The Federal Communications Commission (F.C.C.) has barred prison phone companies from charging high rates on interstate long-distance calls, according to its press release.
The F.C.C. action comes on the heels of a new report released by the Prison Policy Initiative (PPI) that highlights the “perverse conflicts of interests” in the contracts of companies dominating the industry.
The report details “how contracts are awarded…to the company that offers to share the largest portion of the call revenue with the prison system.” This business practice “drives up the cost of a call,” and “removes any incentive for state prison systems to advocate for lowering the phone bills.”
“We urge state regulators, local contracting authorities, and the F.C.C. to take a comprehensive view of the prison telephone industry,” said Peter Wagner, Executive Director of the Prison Policy Initiative.
In August, the Los Angeles Times reported, “Under the new regulations…telephone providers may only charge up to 21 cents for a debit or prepaid call within the United States, and up to 25 cents for domestic collect calls made by inmates.”
Prior to the new F.C.C. regulations, telephone companies were able to set their own rates with no federal oversight, according to the Los Angeles Times.
In May 2013, the Economist quoted Congresswoman Eleanor Holmes Norton (Washington, D.C.) as saying that in the past, lack of regulation gave telephone companies the ability to “extort excessive telephone rates from the people in society least able to pay them.”
According to the PPI report, most calls originating from prisons are collect calls, or pre-paid by families who set up accounts with private telephone companies that have a contract with the prison. “[T]he families of incarcerated persons have no input on the contracts or ability to take their business elsewhere.”
F.C.C. Commissioner Ajit Pai commented in the report that “choice and competition are not hallmarks of life behind bars.”

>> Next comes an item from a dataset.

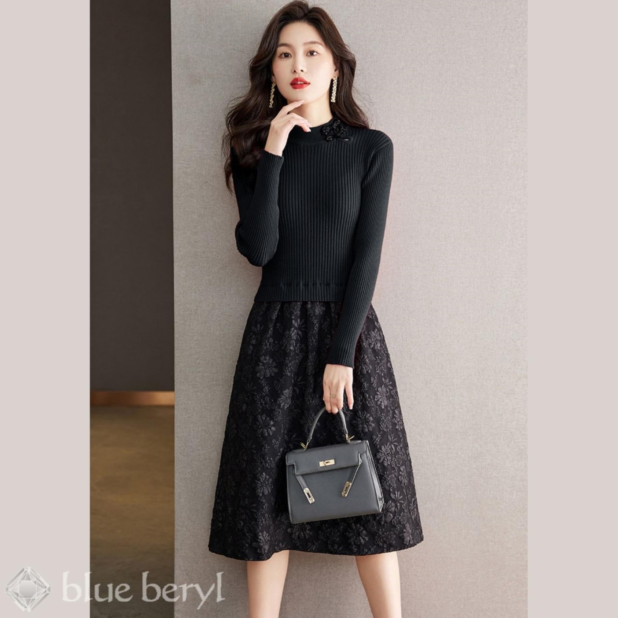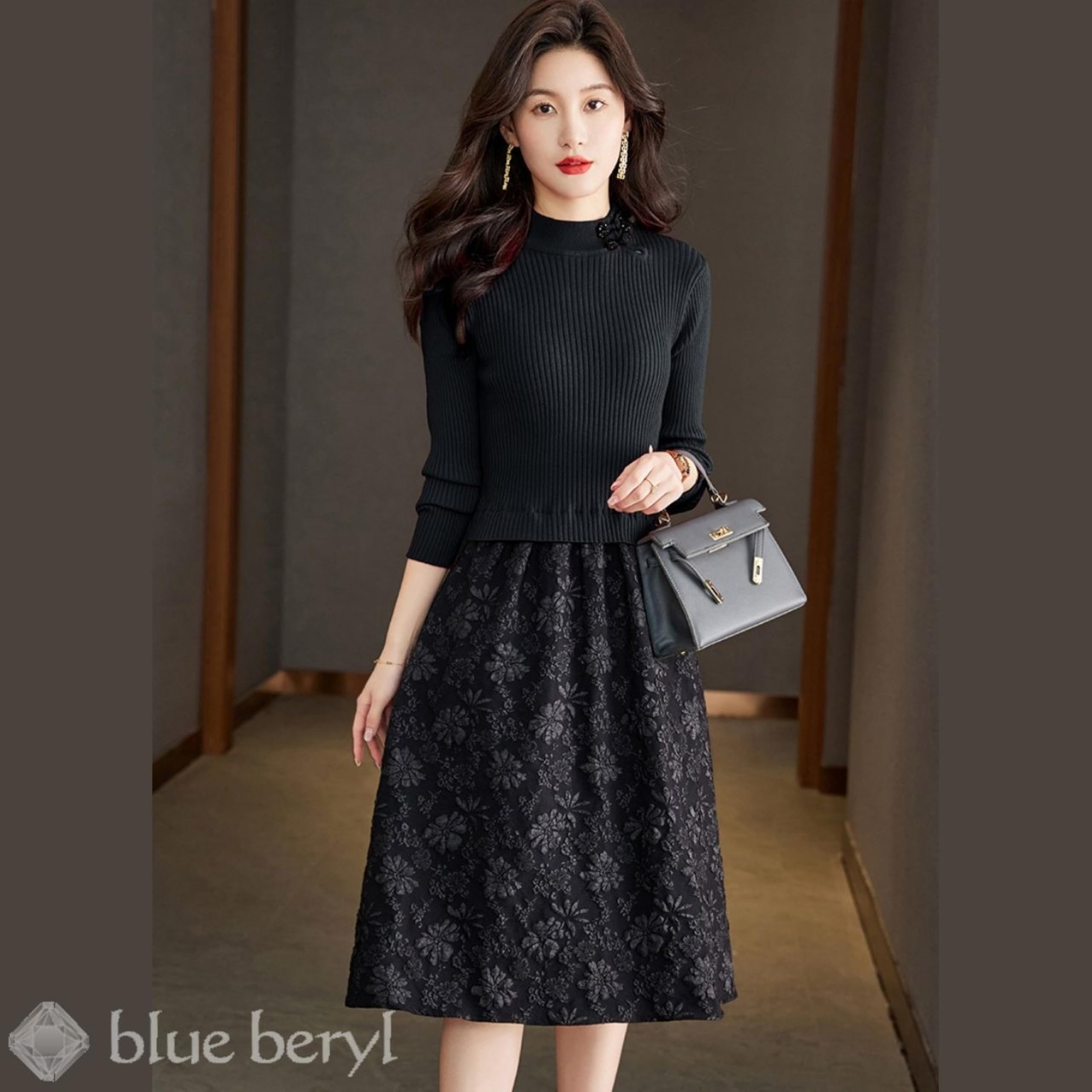 [blue beryl] [ブルーベリル] ドッキング ワンピース レディース 異素材切替 リブニット 花柄 フレア 長袖 チャイナボタン BB023

PPI documented that the prison phone industry does not hesitate to subject consumers to what it calls a “barrage of fees… The current structure of the prison phone market guarantees exorbitant phone bills.”
To increase the amount of commissions paid to prisons, families and friends who accept collect calls from inmates are burdened with fees that can double the cost of a telephone call. It’s estimated that customers spend $386 million every year on fees, according to PPI.

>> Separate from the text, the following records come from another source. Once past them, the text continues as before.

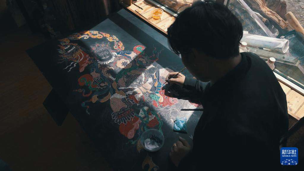 “漆畫的表現是自由的、包容的,可以實現唐卡想要的多種效果!”隨著學習深入,仁青郎加對唐卡漆畫的理解更深了一分。
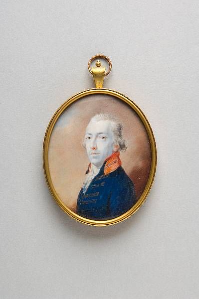 | A Gentleman, wearing blue coat with red collar and gold embroidery, white cravat and powdered hair. | |
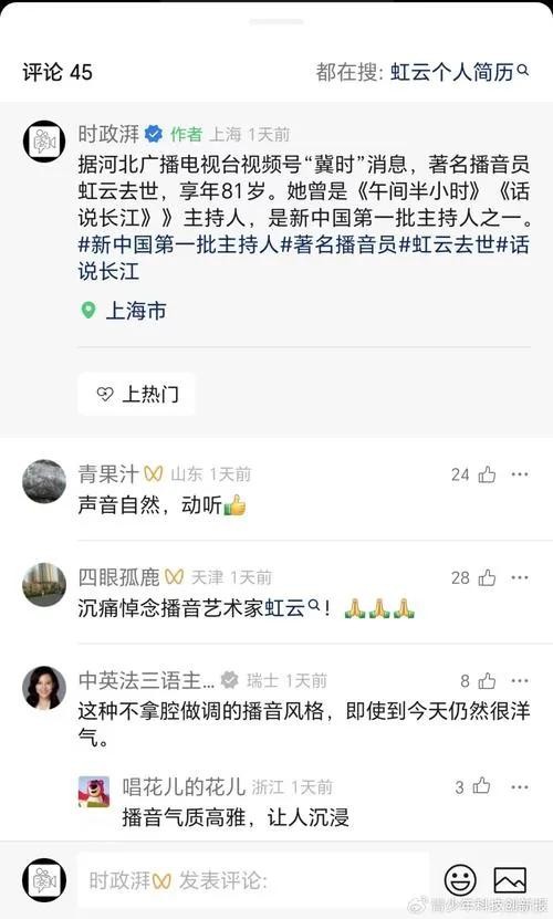 虹云老师的离去,让无数网友感到悲痛。有人说:“小时候每天早上听着虹云老师的声音起床,那声音就像冬日里的暖阳,温暖又亲切。”还有人说:“她是播音界的传奇,她的精神将永远激励着我们在追求梦想的道路上不断前行。”
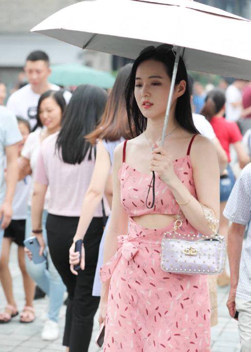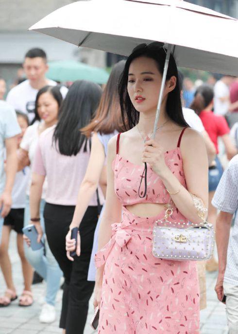 街拍长发美女,一袭粉色套装,吊带上衣尽显肤白貌美的气质,魅力十足

“One of the reasons that fees are so profitable to prison phone companies is that fee income is exempt from the phone companies’ commission responsibilities,” the report continued. Some of these fees do nothing more than “act as a stealth profit center for the phone companies.”
The report outlines 11 phone companies’ fees associated with pre-paid telephone calls. These companies charge fees anywhere from $1.50 to $11.95 for customers to prepay by telephone, use the companies’ website, or Western Union.
For example, Global Tel Link (GTL), which provides telephone service to inmates in all California State prisons, charges $4.75 to $9.50 for prepaid calls when using its website. GTL’s maximum rate to use this service is the highest among the 11 companies, according to PPI.
To prepay for calls using Western Union, GTL charges $10.95, the second highest fee of the other 11 companies.
Prison telephone companies also profit from calls never made, the report said. This is done by “either seizing the balance,” or “charging customers hefty fees to recoup their own money” when an inmate comes home from prison.
“One of the reasons that fees are so profitable to prison phone companies is that fee income is exempt from the phone companies”
According to the report, “the charge to refund money can be as much as $10. Prison phone companies have a wide range of policies about if, how, and when a customer can claim his or her funds.”
The report said most companies take unused balances left in accounts a few months after an inmate is released from prison. “Global Tel Link has one of the shortest deadlines to claim unused funds,” the report said. It allows customers only 90 days to request a refund before seizing the unused funds.
The new F.C.C. regulations do not address these exorbitant fees, but apply only to phone calls made from state to state. It would be up to the California Public Utilities Commission to deny such high rates and fees.
In the meantime, F.C.C. says its “reforms adopt a simple and balanced approach that protects security and public safety needs, ensures providers receive fair compensation while providing reasonable rates to consumers.”